Start of DATA EXTRACT

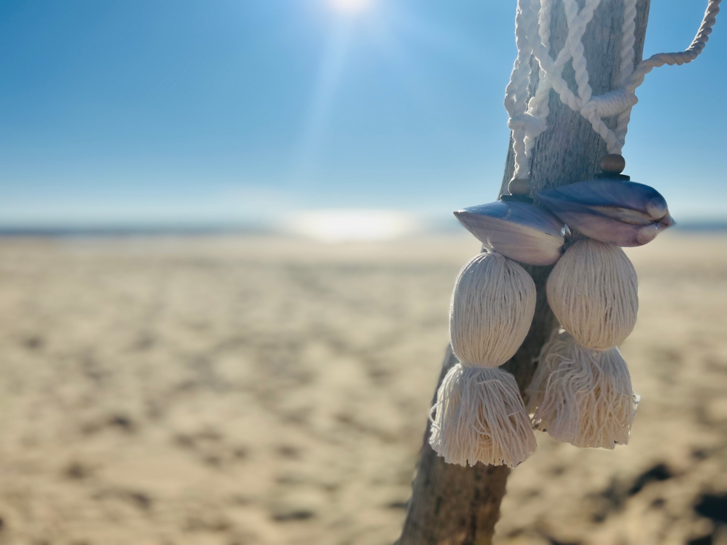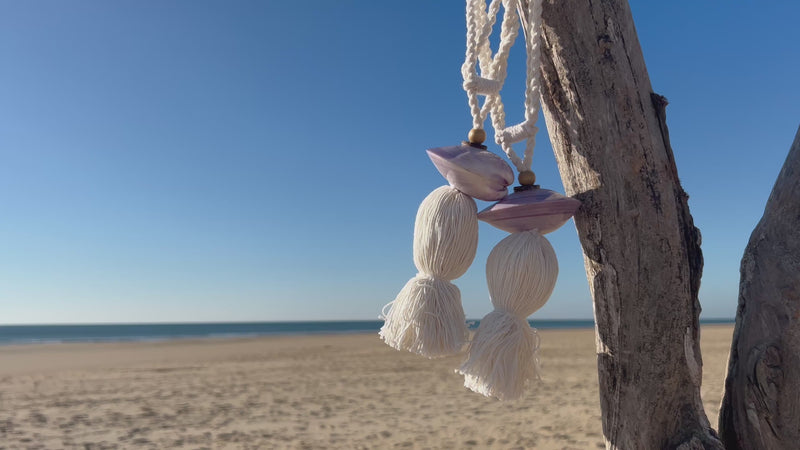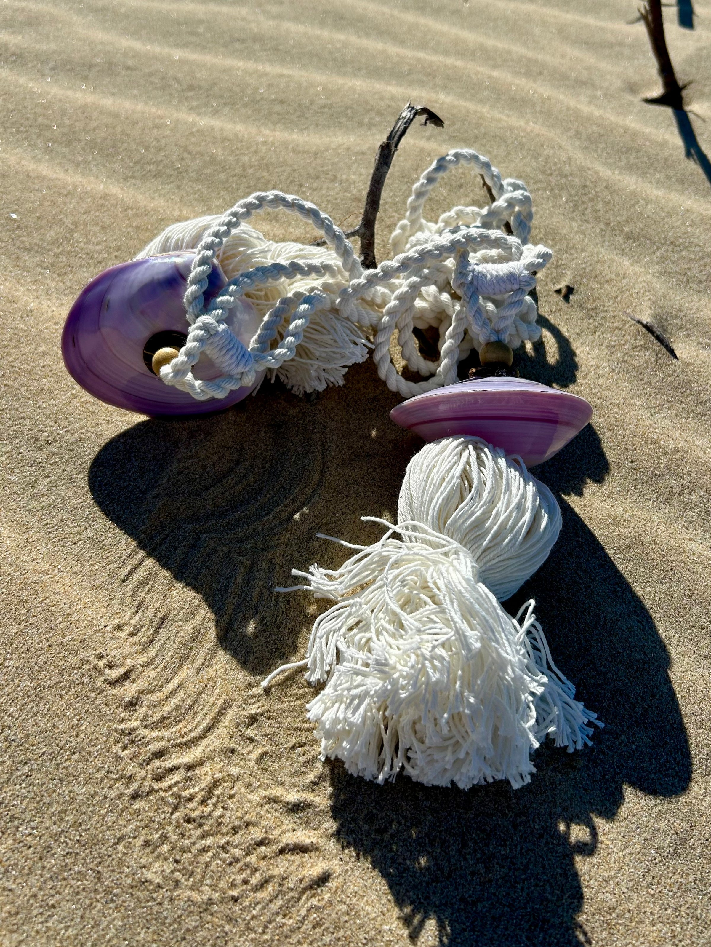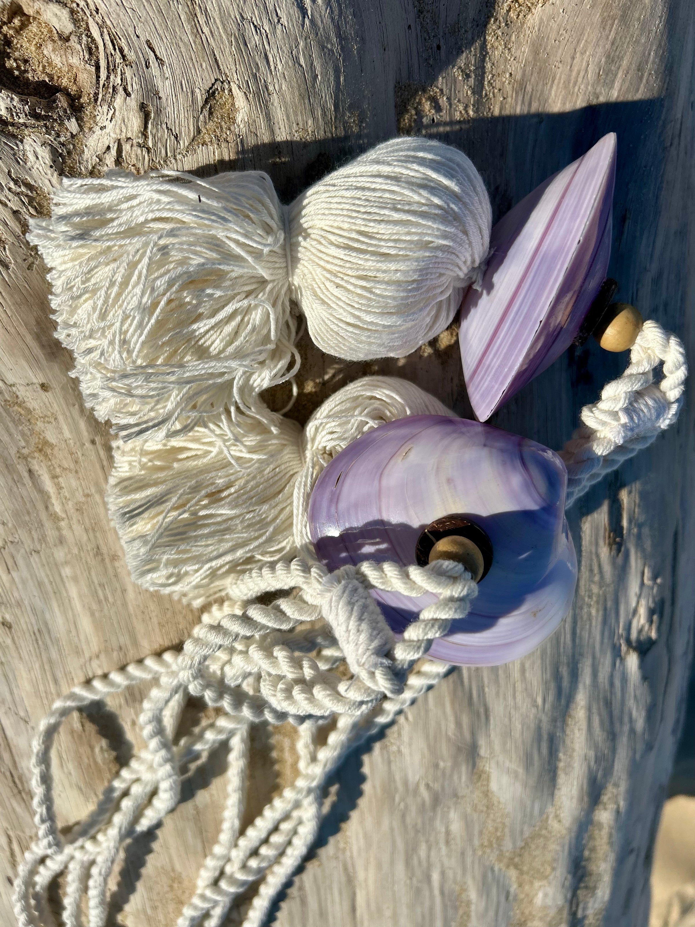 Le coquillage bivalve, aux reflets violets et nacrés uniques, s’allie à la corde en coton tressé pour créer une décoration marine élégante et authentique, parfaite pour sublimer vos rideaux ou ajouter une note bord de mer à votre déco.
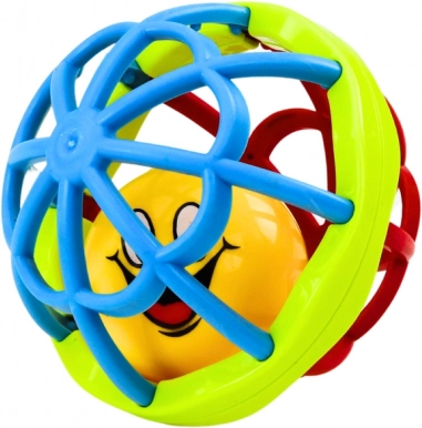 Lagana konstrukcija i ergonomski oblik olakšavaju hvatanje i rukovanje. Unutarnja zvečkica proizvodi nježan zvuk koji potiče znatiželju i interakciju, dok raznolike površine i boje podržavaju senzornu stimulaciju i finu motoriku.
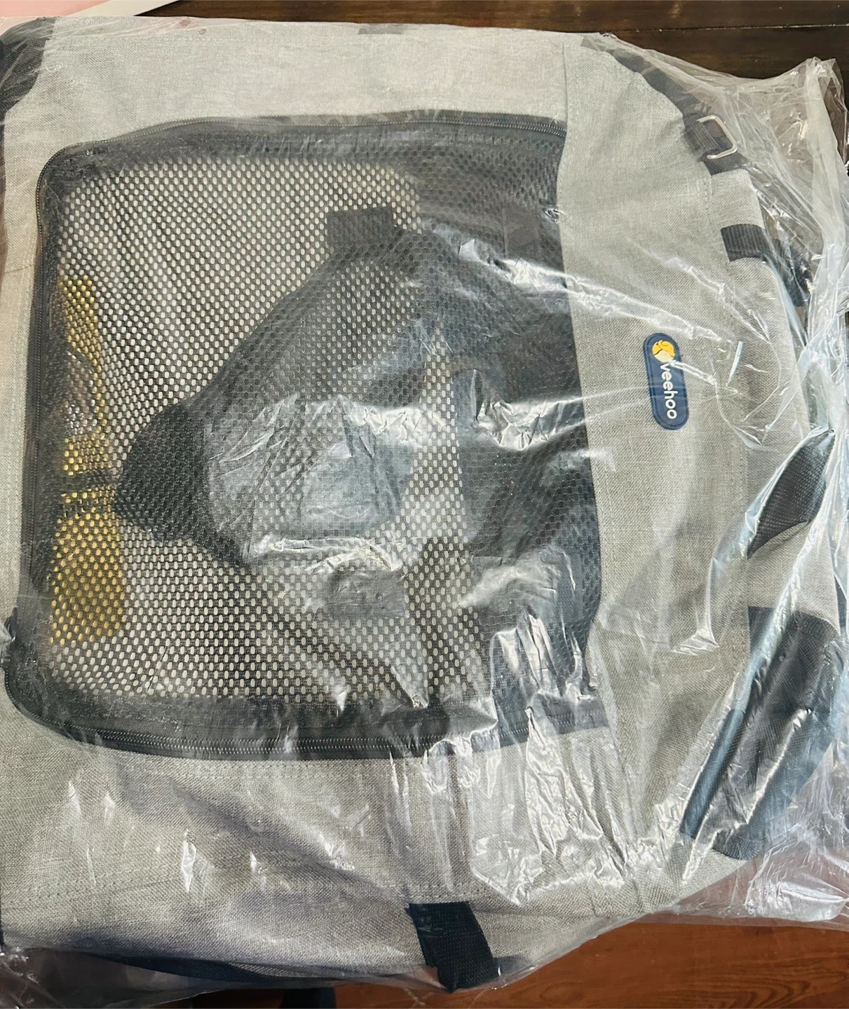 This Veehoo dog crate is gray. It's made with waterproof Oxford fabric and features a non-slip soft pad, solid steel frame, and convenient carrying handles. This crate is useful for safely transporting or housing pets.
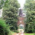De poorttoren, geflankeerd door twee Hollandse linden, relicten van de oorspronkelijke beplanting van een in 1738 aangelegde dreef.
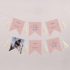 Diese Girlande aus 16 doppelseitigen Wimpeln kann mit Ihren Vornamen, einem Foto, dem Datum Ihrer Hochzeit, einem kleinen Willkommensgruß oder anderem Text gestaltet werden.
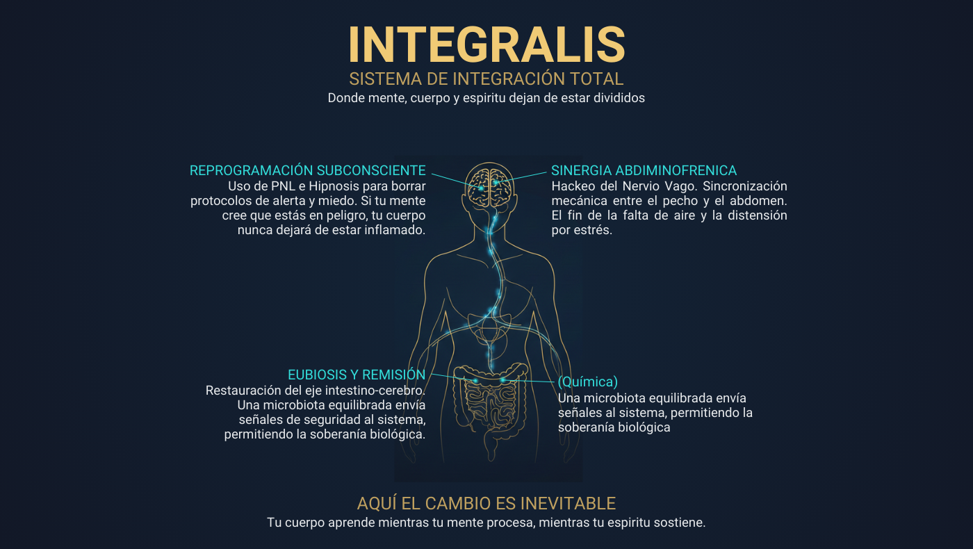 INTEGRALIS nace de una verdad incómoda: la mayoría de las personas no se detienen porque no puedan, sino porque su sistema interno las frena. Cada vez que intentas avanzar, exponerte o ir a otro nivel, tu cuerpo activa respuestas de protección aprendidas: tensión, miedo, evitación, autosabotaje. No es debilidad. Es un sistema desalineado.
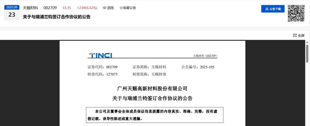 天賜材料于9月23日發(fā)布2條公告。其中一條公告為,公司向香港聯交所遞交H股發(fā)行上市申請,另一條為與瑞浦蘭鈞簽訂合作協議的公告。
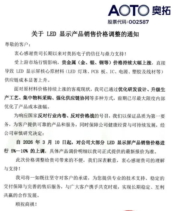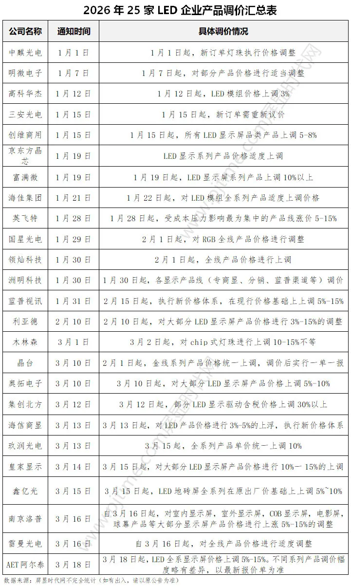 2025年四季度开始的LED行业“普涨”行情还在继续。继春节前洲明科技、利亚德、蓝普视讯、京东方、富满微、国星光电、三安光电、创维、富满微、明微电子发布调价通知后,3月份,又有奥拓电子、雷曼光电、海信商显、木林森、晶台、集创北方、南京洛普、玖润光电、皇家显示、鑫彩晨、鑫亿光等近15家LED企业发布调价公告。据屏显时代网不完全统计,截止目前,已有超60+LED企业披露调价通知。
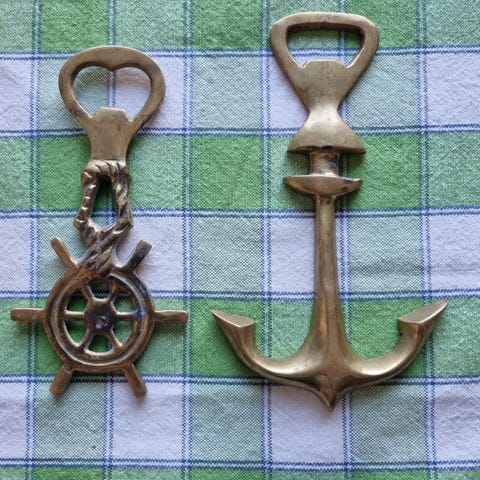 Kullan värinen pullonavaaja miesfiguurilla.
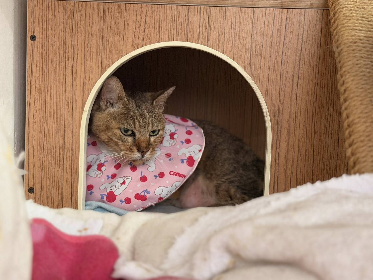 剛來到安養之家前兩年的仁愛幾乎是看不到也摸不到,照護員細心呵護及安撫加上發現每天不用辛苦覓食就有好多好吃的飯飯,讓仁愛漸漸卸下心防,終於願意親近照護員也變得很撒嬌,幾年下來,舒適的環境、營養好吃的食物讓仁愛的體型越來越圓潤,模樣也越來越可愛。

End of DATA EXTRACT

▶ _TRY IT_: Your reply should be the entries copied exactly, with all images omitted.

▶ _RESULT OF THIS TASK_:
 Le coquillage bivalve, aux reflets violets et nacrés uniques, s’allie à la corde en coton tressé pour créer une décoration marine élégante et authentique, parfaite pour sublimer vos rideaux ou ajouter une note bord de mer à votre déco.
 Lagana konstrukcija i ergonomski oblik olakšavaju hvatanje i rukovanje. Unutarnja zvečkica proizvodi nježan zvuk koji potiče znatiželju i interakciju, dok raznolike površine i boje podržavaju senzornu stimulaciju i finu motoriku.
 This Veehoo dog crate is gray. It's made with waterproof Oxford fabric and features a non-slip soft pad, solid steel frame, and convenient carrying handles. This crate is useful for safely transporting or housing pets.
De poorttoren, geflankeerd door twee Hollandse linden, relicten van de oorspronkelijke beplanting van een in 1738 aangelegde dreef.
 Diese Girlande aus 16 doppelseitigen Wimpeln kann mit Ihren Vornamen, einem Foto, dem Datum Ihrer Hochzeit, einem kleinen Willkommensgruß oder anderem Text gestaltet werden.
 INTEGRALIS nace de una verdad incómoda: la mayoría de las personas no se detienen porque no puedan, sino porque su sistema interno las frena. Cada vez que intentas avanzar, exponerte o ir a otro nivel, tu cuerpo activa respuestas de protección aprendidas: tensión, miedo, evitación, autosabotaje. No es debilidad. Es un sistema desalineado.
 天賜材料于9月23日發(fā)布2條公告。其中一條公告為,公司向香港聯交所遞交H股發(fā)行上市申請,另一條為與瑞浦蘭鈞簽訂合作協議的公告。
 2025年四季度开始的LED行业“普涨”行情还在继续。继春节前洲明科技、利亚德、蓝普视讯、京东方、富满微、国星光电、三安光电、创维、富满微、明微电子发布调价通知后,3月份,又有奥拓电子、雷曼光电、海信商显、木林森、晶台、集创北方、南京洛普、玖润光电、皇家显示、鑫彩晨、鑫亿光等近15家LED企业发布调价公告。据屏显时代网不完全统计,截止目前,已有超60+LED企业披露调价通知。
 Kullan värinen pullonavaaja miesfiguurilla.
 剛來到安養之家前兩年的仁愛幾乎是看不到也摸不到,照護員細心呵護及安撫加上發現每天不用辛苦覓食就有好多好吃的飯飯,讓仁愛漸漸卸下心防,終於願意親近照護員也變得很撒嬌,幾年下來,舒適的環境、營養好吃的食物讓仁愛的體型越來越圓潤,模樣也越來越可愛。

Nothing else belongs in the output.